Technology is the sector that has performed third worst on the US collective index S & P500 this year, with a landslide of almost 20 percent – and is thus on its way to the worst annual fall since 2008 when it fell 43.7 percent.
The sector has risen on an annual basis over the past three years, and is up in 12 of the last 14 years.
Much of the upturn has been driven by several factors, including low interest rates and passive investment. The effects from 2010 are now being reversed, with higher interest rates, historically high inflation, according to Bank of America.
“This poses a high risk to the last decade’s winning sector,” Savita Subramanian, head of US equities and quantitative strategy at Bank of America, wrote in a letter to her clients, according to CNBC.
Increased inflation
Inflation in the US is now climbing faster than in decades, and has led the US Federal Reserve to raise interest rates twice this year already. The Federal Reserve expects to continue with interest rate increases this year, and at the same time expects to withdraw support measures for the economy that were introduced when the corona pandemic broke out.
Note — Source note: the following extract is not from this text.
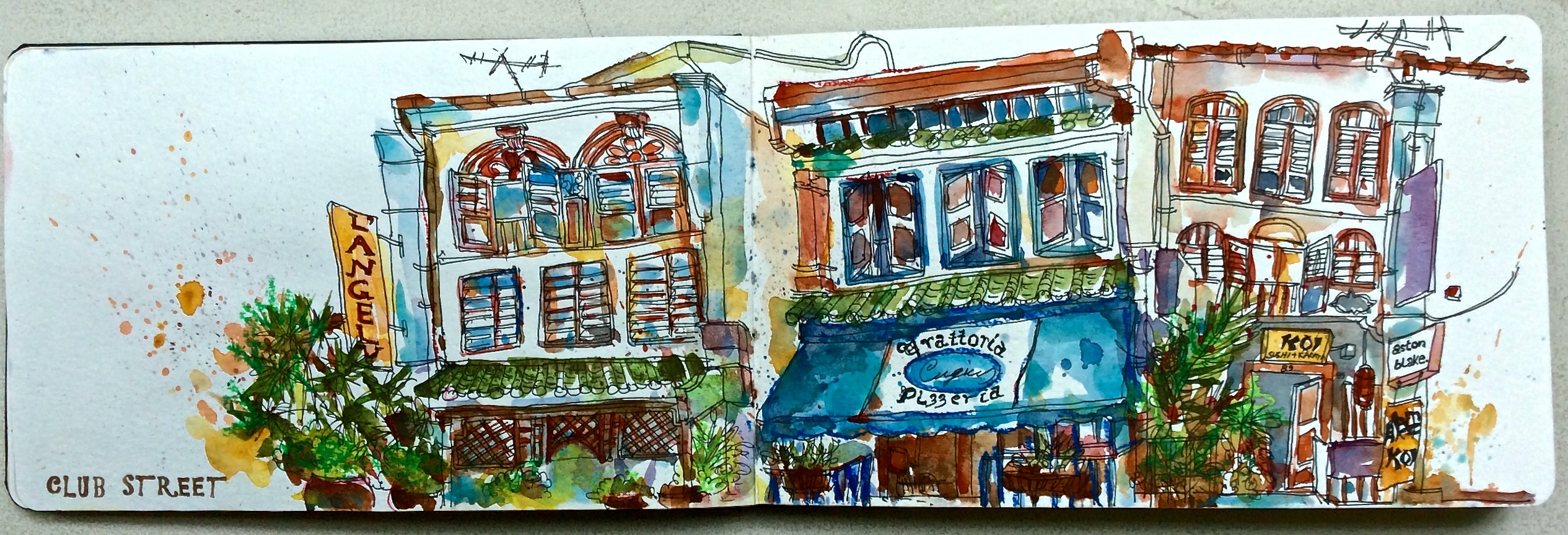 The shophouses have remained but clearly the businesses have changed. Sketched at Club Street

Higher interest rates hit growth companies as they often need a lot of money for the business to grow, at the same time as it means that the present value of profitability falls further in the future.
On the Oslo Stock Exchange, companies such as Kahoot and Pexip are down 63 percent and 76 percent in one year.
During last year, the bubble burst in the growth stocks and Kahoot’s own growth also began to fail. The share price plummeted and it did not look good when major shareholder and financier Jan Haudemann-Andersen sold down early in the summer after the price had fallen so much.